Закинтос — о нем с искренней симпатией пи­сали Гомер, Страбон, Плиний. Длина его составля­ет двадцать пять миль, ширина — двенадцать, са­мый высокий холм возвышается на полторы тысячи футов над уровнем моря. Некогда он был оживленным морским портом на торговом пути из Венеции в Константинополь. Остров Закинтос — родина, по крайней мере, трех любимых греками поэтов — Фосколо[8], Калвоса[9] и Соломоса[10], кото­рый здесь написал слова национального гимна, когда ему было двадцать пять лет. Статуя Соломо­са возвышается над площадью. Никое чем-то по­ходил на поэта, и когда Атос был ребенком, ему казалось, что статуя воздвигнута в память его бра­та. Может быть, с этого и началась влюбленность Атоса в камень.

Когда Атос с отцом вернулись на Закинтос после смерти Никоса и матери, они отправились в ночное путешествие на мыс Геракас посмот­реть, как морские черепахи откладывают в песок яйца.

— Мы прошли Аликес, где выпаривают соль, плантации смородины, раскинувшиеся на тенис­тых склонах холмов Враченас. Мы шли с отцом в полном одиночестве, нас сближало неутешное го­ре. Мы молча стояли в голубом гроте и в сосновых рощах.

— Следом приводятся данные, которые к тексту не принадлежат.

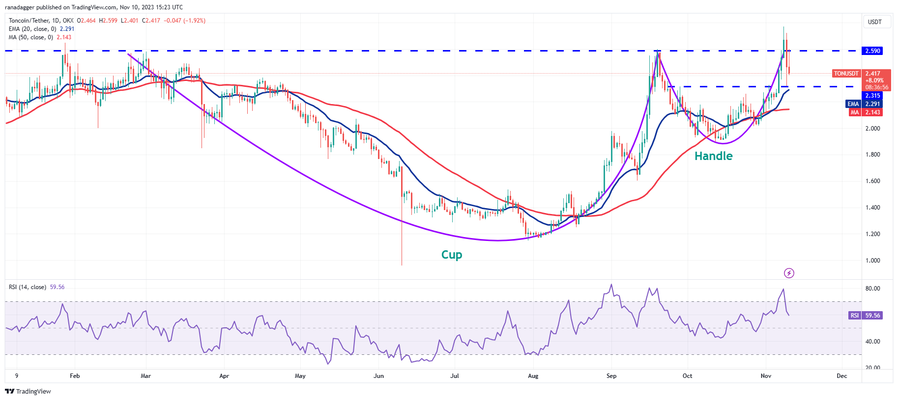 Toncoin (TON) closed above $2.59 on Nov. 8, but the bulls could not maintain the higher levels. The price turned down sharply and slipped back below $2.59 on Nov. 9.

Они были неразлучны еще два года, до тех пор, когда Атос уже не мог отлынивать от занятий в школе.

— Отец брал меня с собой, когда ездил по делам на верфь в заливе Кери. Я смотрел, как там конопатили швы, заливая их смолой из горя­чих источников, пузырившихся на черном пля­же. Один из рабочих верфи знал отца. Мышцы его рук выпирали мощными восьмерками, лак­ричного цвета волосы пропахли потом, он весь был перемазан в смоле. Но говорил он на пре­красном греческом языке, высоким стилем, как король. Потом отец журил меня за неотесан­ность, а я с недоумением на него пялился — его голос звучал у меня в ушах как голос чревовеща­теля! Когда я сказал ему об этом, отец не на шут­ку рассердился. Этот его урок я не забуду никог­да. Однажды в Салониках, когда отцу надо было о чем-то поговорить с начальником порта, он оста­вил меня на попечение носильщика, портового грузчика. Я сидел на швартовой тумбе и слушал невероятные истории, которые тот мне загибал. Однажды, говорил он, случилось кораблекруше­ние — корабль затонул, а через некоторое время всплыл на поверхность. Грузчик видел это собст­венными глазами. Корабль был гружен солью, и, когда она растворилась в воде, судно вынырну­ло из пучины. Именно тогда я в первый раз столк­нулся с магией соли. Вернувшись, отец хотел дать грузчику немного денег за то, что он за мной при­сматривал, но тот отказался. Отец сказал мне: «Этот человек — еврей, он несет в себе достоинст­во своего народа». Позже я узнал, что большинст­во работавших в доках Салоник были евреями, и рядом с портом там раскинулся иегуди махаллари — еврейский квартал... Знаешь, Яков, что еще мне сказал тот грузчик? «Великая тайна де­рева заключается не в том, что оно горит, а в том, что оно не тонет».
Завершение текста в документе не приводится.